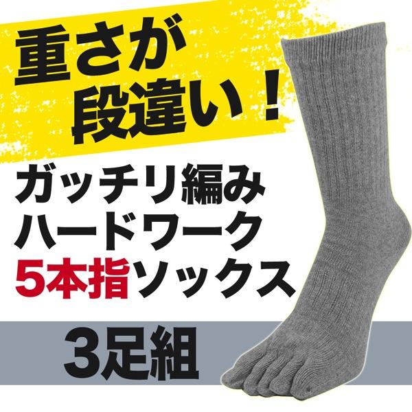 靴下 メンズ 厚地でしっかり編みの5本指パワフルソックス グレー3足組 / 安全靴や長靴、登山靴用のガッチリ靴下
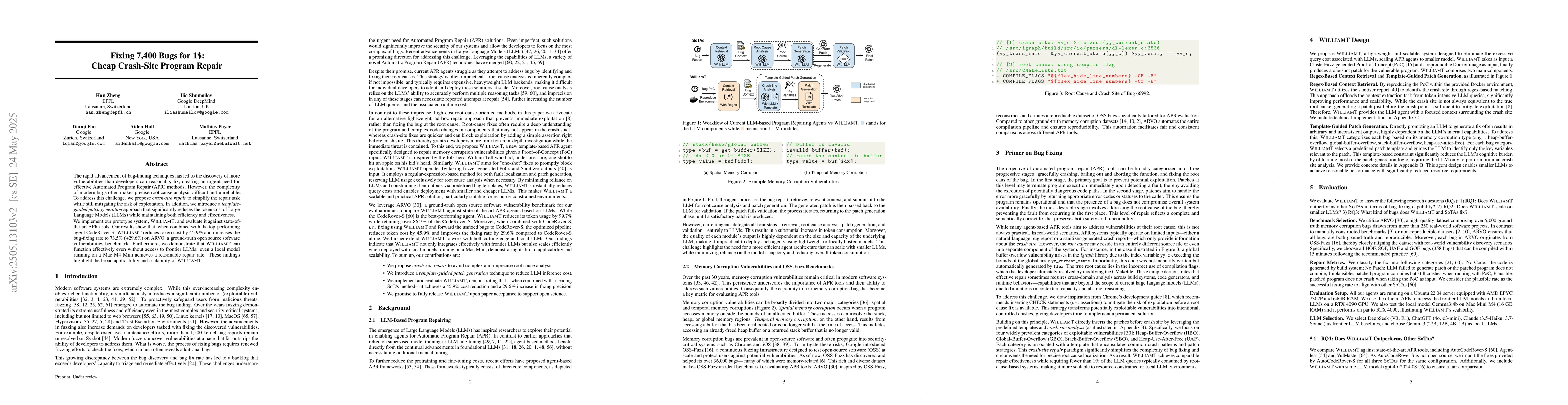 The rapid advancement of bug-finding techniques has led to the discovery of more vulnerabilities than developers can reasonably fix, creating an urgent need for effective Automated Program Repair (APR) methods. However, the complexity of modern bugs often makes precise root cause analysis difficult and unreliable. To address this challenge, we propose crash-site repair to simplify the repair task while still mitigating the risk of exploitation. In addition, we introduce a template-guided patch generation approach that significantly reduces the token cost of Large Language Models (LLMs) while maintaining both efficiency and effectiveness. We implement our prototype system, WILLIAMT, and evaluate it against state-of-the-art APR tools. Our results show that, when combined with the top-performing agent CodeRover-S, WILLIAMT reduces token cost by 45.9% and increases the bug-fixing rate to 73.5% (+29.6%) on ARVO, a ground-truth open source software vulnerabilities benchmark. Furthermore, we demonstrate that WILLIAMT can function effectively even without access to frontier LLMs: even a local model running on a Mac M4 Mini achieves a reasonable repair rate. These findings highlight the broad applicability and scalability of WILLIAMT.
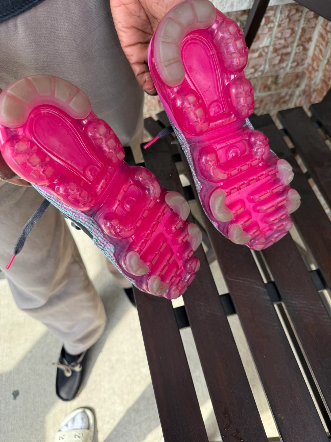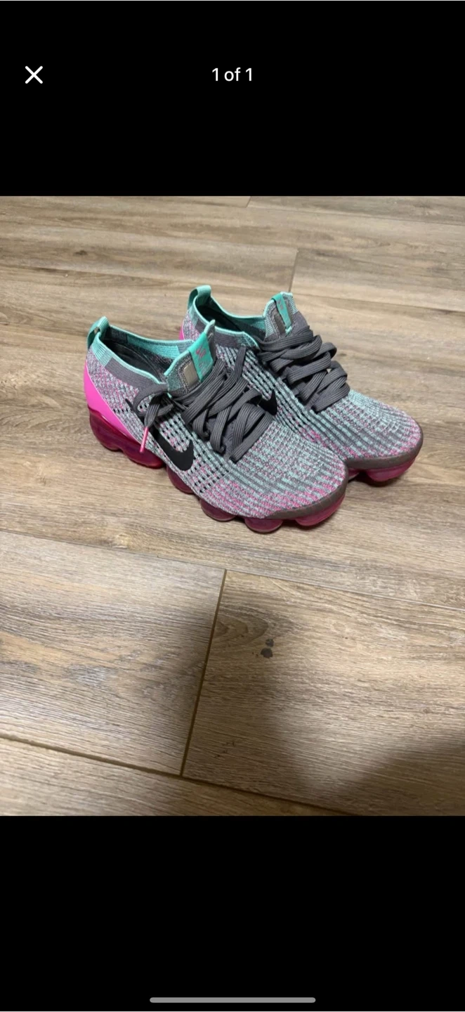 Selling a pair of Nike Air VaporMax 360 sneakers! They feature a unique design with the iconic VaporMax sole for ultimate comfort and style. The colourway is a mix of grey, pink, and teal, making them a standout addition to your footwear collection
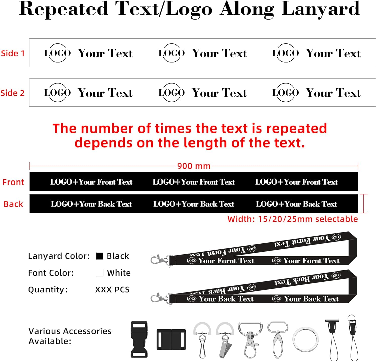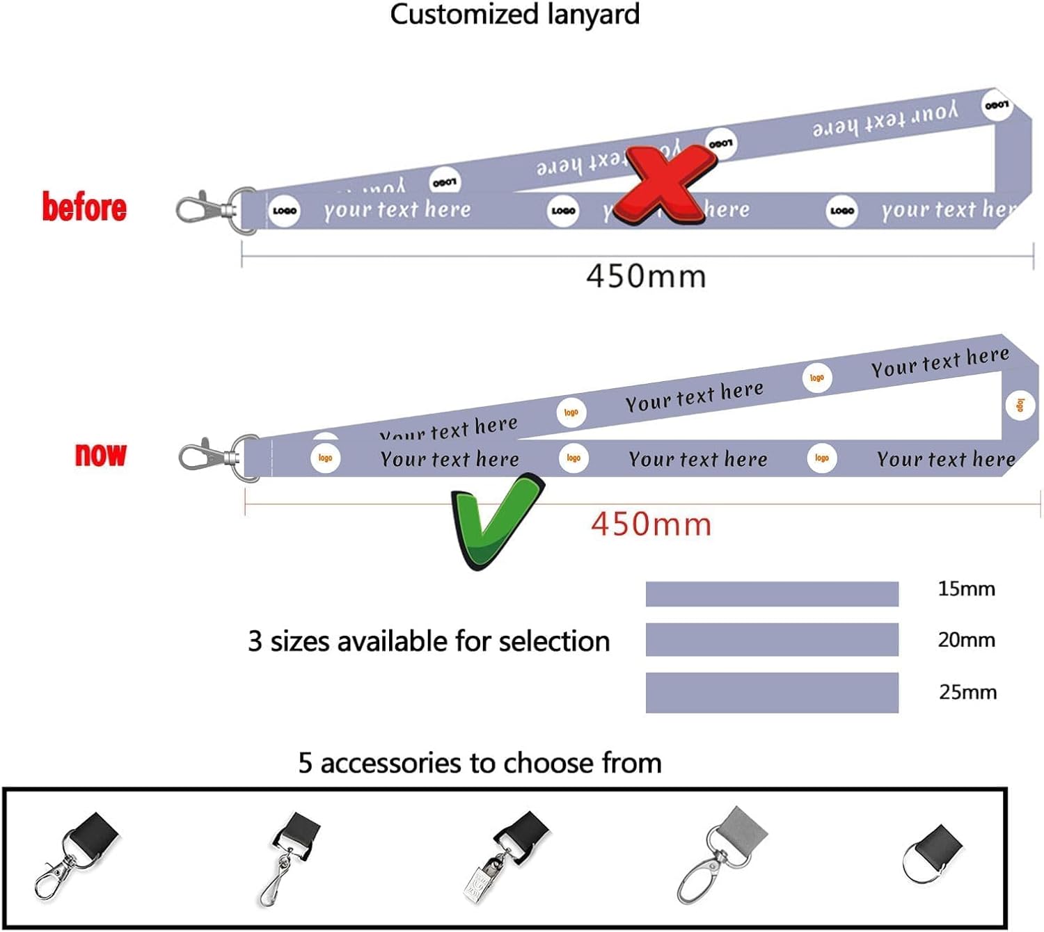 - 【Customization and Printing】: You can customize the text/name/logo/clipart on the hanging rope, such as company logos, event slogans, personalized patterns and more. For better printing results, please upload clear images, and we will arrange for a reasonable layout design.
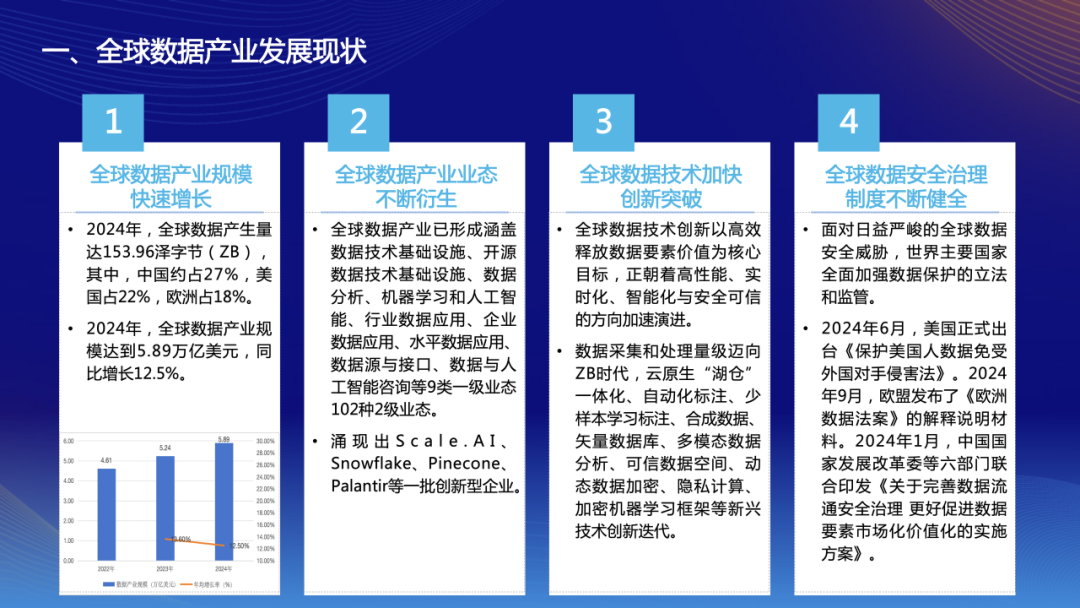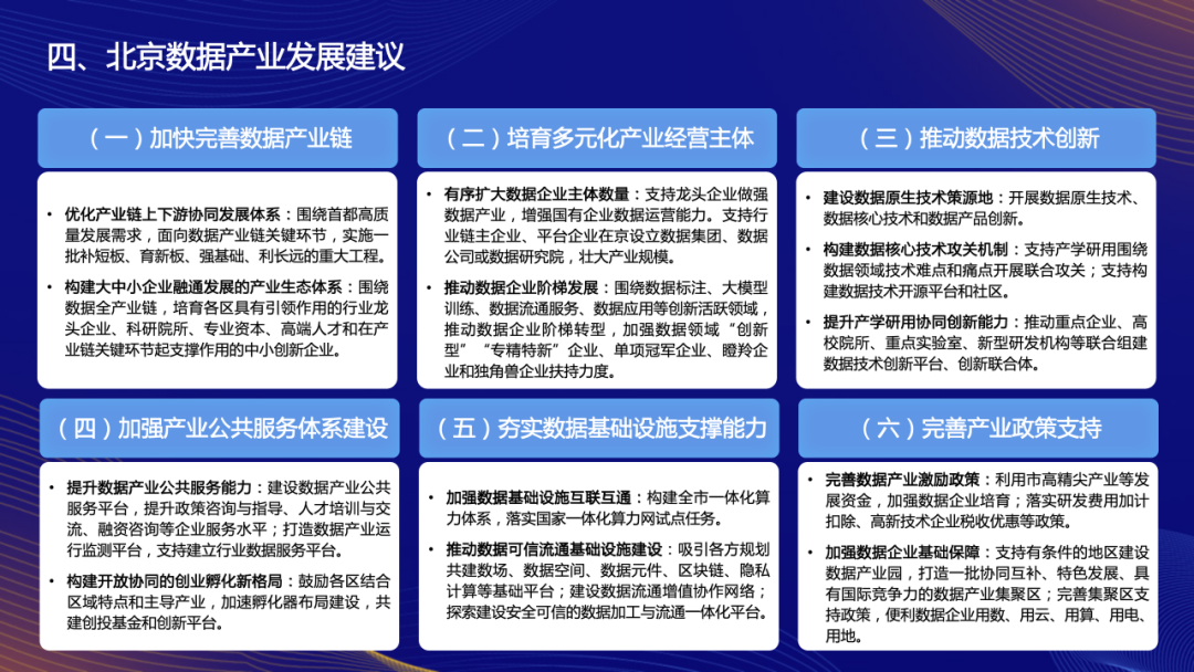 本次《报告》的整体内容共划分为了四个板块,分别对全球和我国数据产业发展、以及北京数据产业现状进行了系统性的全面阐述。其主要内容如下:

++++++++++

In your copy of the listing above, reproduce each line exactly and omit all pictures.

- **Task solution**
 靴下 メンズ 厚地でしっかり編みの5本指パワフルソックス グレー3足組 / 安全靴や長靴、登山靴用のガッチリ靴下
 The rapid advancement of bug-finding techniques has led to the discovery of more vulnerabilities than developers can reasonably fix, creating an urgent need for effective Automated Program Repair (APR) methods. However, the complexity of modern bugs often makes precise root cause analysis difficult and unreliable. To address this challenge, we propose crash-site repair to simplify the repair task while still mitigating the risk of exploitation. In addition, we introduce a template-guided patch generation approach that significantly reduces the token cost of Large Language Models (LLMs) while maintaining both efficiency and effectiveness. We implement our prototype system, WILLIAMT, and evaluate it against state-of-the-art APR tools. Our results show that, when combined with the top-performing agent CodeRover-S, WILLIAMT reduces token cost by 45.9% and increases the bug-fixing rate to 73.5% (+29.6%) on ARVO, a ground-truth open source software vulnerabilities benchmark. Furthermore, we demonstrate that WILLIAMT can function effectively even without access to frontier LLMs: even a local model running on a Mac M4 Mini achieves a reasonable repair rate. These findings highlight the broad applicability and scalability of WILLIAMT.
 Selling a pair of Nike Air VaporMax 360 sneakers! They feature a unique design with the iconic VaporMax sole for ultimate comfort and style. The colourway is a mix of grey, pink, and teal, making them a standout addition to your footwear collection
 - 【Customization and Printing】: You can customize the text/name/logo/clipart on the hanging rope, such as company logos, event slogans, personalized patterns and more. For better printing results, please upload clear images, and we will arrange for a reasonable layout design.
 本次《报告》的整体内容共划分为了四个板块,分别对全球和我国数据产业发展、以及北京数据产业现状进行了系统性的全面阐述。其主要内容如下:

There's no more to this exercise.